* _EXERCISE DIRECTIONS_: Every entry should be reproduced precisely, with each picture left out.

__________

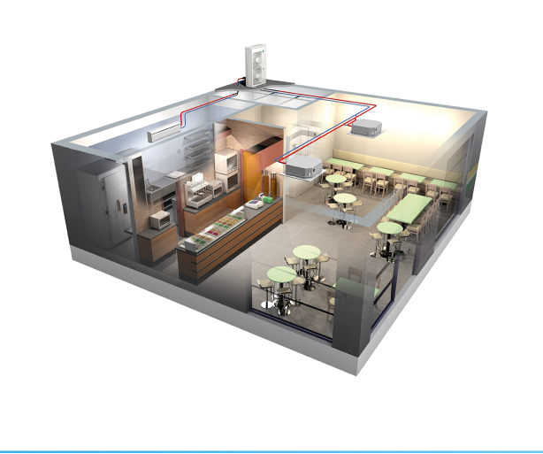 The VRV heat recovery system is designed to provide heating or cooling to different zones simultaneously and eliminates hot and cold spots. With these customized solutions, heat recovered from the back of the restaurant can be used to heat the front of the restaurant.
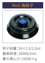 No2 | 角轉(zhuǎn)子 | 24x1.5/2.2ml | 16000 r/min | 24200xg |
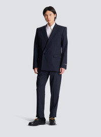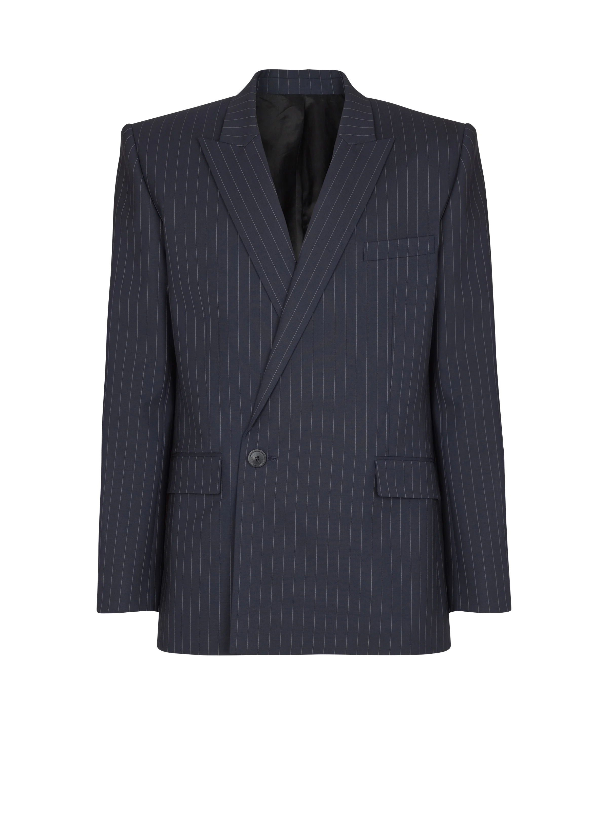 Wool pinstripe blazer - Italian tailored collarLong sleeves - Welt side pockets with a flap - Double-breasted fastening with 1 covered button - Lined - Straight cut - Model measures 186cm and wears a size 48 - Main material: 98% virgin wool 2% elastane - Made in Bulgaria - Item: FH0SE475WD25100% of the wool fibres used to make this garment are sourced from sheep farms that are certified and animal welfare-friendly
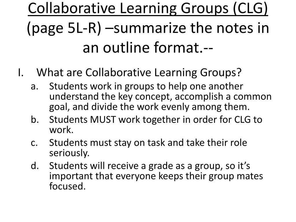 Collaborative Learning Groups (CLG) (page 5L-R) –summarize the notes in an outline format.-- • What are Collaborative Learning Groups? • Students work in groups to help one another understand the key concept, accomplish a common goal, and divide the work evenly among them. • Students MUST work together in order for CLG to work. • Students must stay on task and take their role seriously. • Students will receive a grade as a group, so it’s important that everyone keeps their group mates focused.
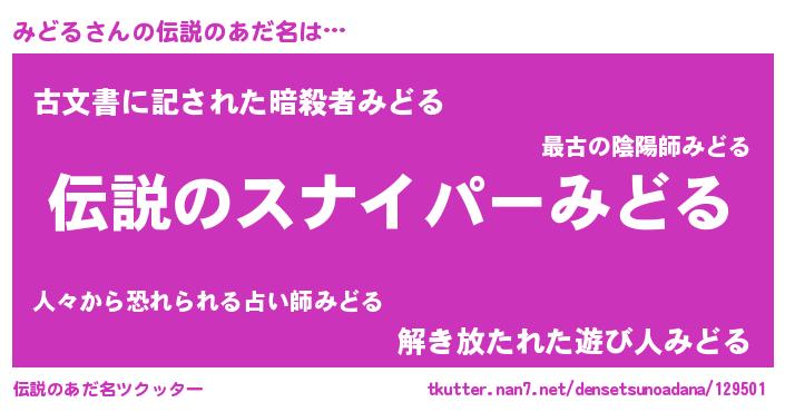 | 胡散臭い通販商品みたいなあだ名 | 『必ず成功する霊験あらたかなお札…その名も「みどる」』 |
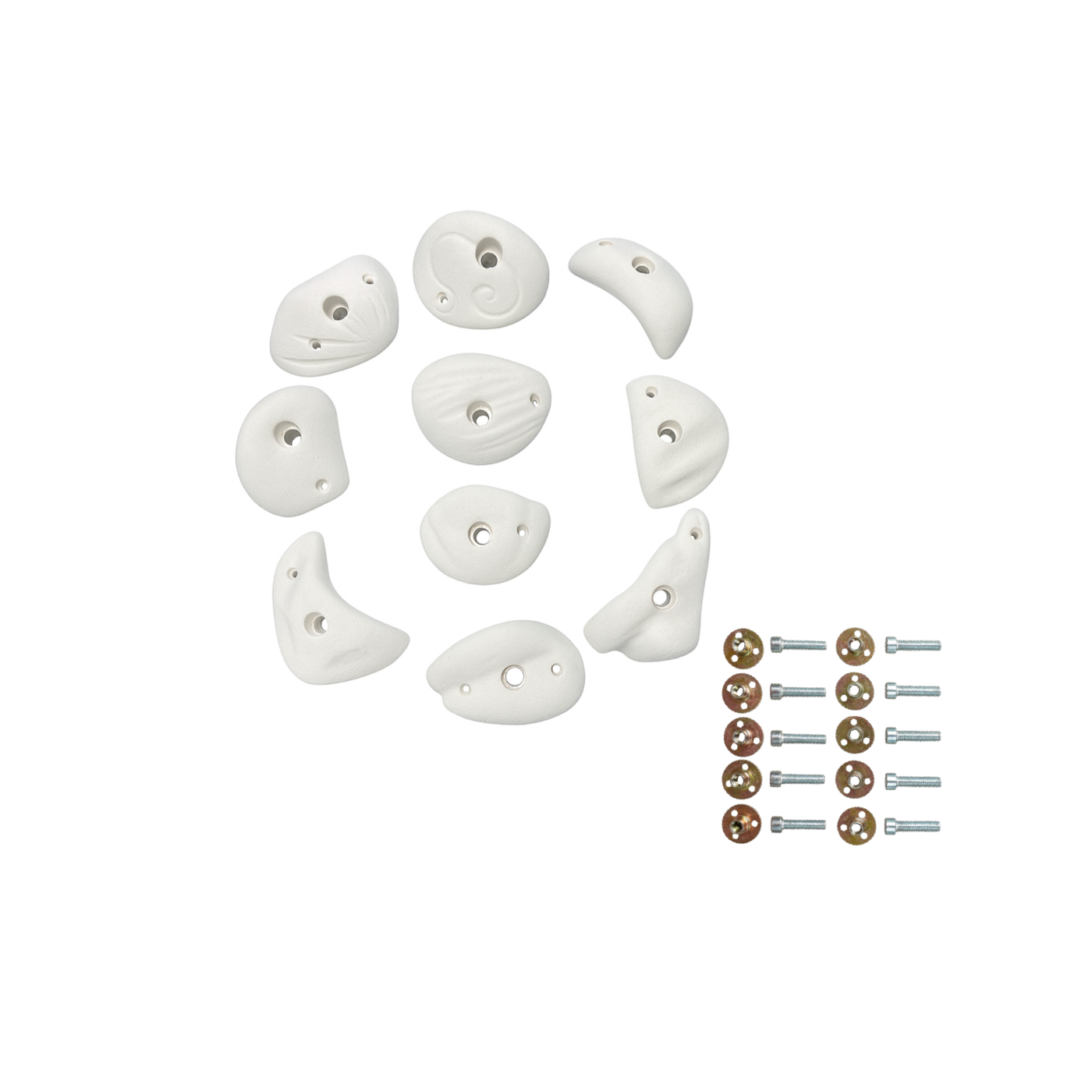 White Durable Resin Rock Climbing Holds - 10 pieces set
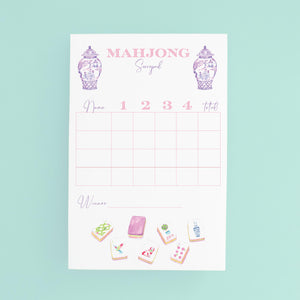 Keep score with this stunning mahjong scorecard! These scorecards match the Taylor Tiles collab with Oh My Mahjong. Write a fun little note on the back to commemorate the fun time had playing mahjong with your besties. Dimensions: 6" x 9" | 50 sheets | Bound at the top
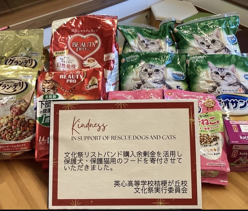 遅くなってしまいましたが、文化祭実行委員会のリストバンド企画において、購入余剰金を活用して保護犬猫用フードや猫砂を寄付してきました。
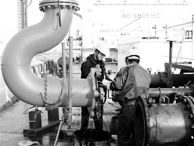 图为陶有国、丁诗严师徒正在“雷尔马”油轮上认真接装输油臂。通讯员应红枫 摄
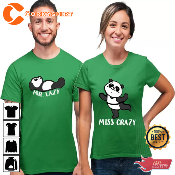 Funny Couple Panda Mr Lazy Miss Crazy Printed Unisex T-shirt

__________

* _EXERCISE OUTPUT_:
 The VRV heat recovery system is designed to provide heating or cooling to different zones simultaneously and eliminates hot and cold spots. With these customized solutions, heat recovered from the back of the restaurant can be used to heat the front of the restaurant.
 No2 | 角轉(zhuǎn)子 | 24x1.5/2.2ml | 16000 r/min | 24200xg |
 Wool pinstripe blazer - Italian tailored collarLong sleeves - Welt side pockets with a flap - Double-breasted fastening with 1 covered button - Lined - Straight cut - Model measures 186cm and wears a size 48 - Main material: 98% virgin wool 2% elastane - Made in Bulgaria - Item: FH0SE475WD25100% of the wool fibres used to make this garment are sourced from sheep farms that are certified and animal welfare-friendly
 Collaborative Learning Groups (CLG) (page 5L-R) –summarize the notes in an outline format.-- • What are Collaborative Learning Groups? • Students work in groups to help one another understand the key concept, accomplish a common goal, and divide the work evenly among them. • Students MUST work together in order for CLG to work. • Students must stay on task and take their role seriously. • Students will receive a grade as a group, so it’s important that everyone keeps their group mates focused.
 | 胡散臭い通販商品みたいなあだ名 | 『必ず成功する霊験あらたかなお札…その名も「みどる」』 |
 White Durable Resin Rock Climbing Holds - 10 pieces set
 Keep score with this stunning mahjong scorecard! These scorecards match the Taylor Tiles collab with Oh My Mahjong. Write a fun little note on the back to commemorate the fun time had playing mahjong with your besties. Dimensions: 6" x 9" | 50 sheets | Bound at the top
 遅くなってしまいましたが、文化祭実行委員会のリストバンド企画において、購入余剰金を活用して保護犬猫用フードや猫砂を寄付してきました。
 图为陶有国、丁诗严师徒正在“雷尔马”油轮上认真接装输油臂。通讯员应红枫 摄
 Funny Couple Panda Mr Lazy Miss Crazy Printed Unisex T-shirt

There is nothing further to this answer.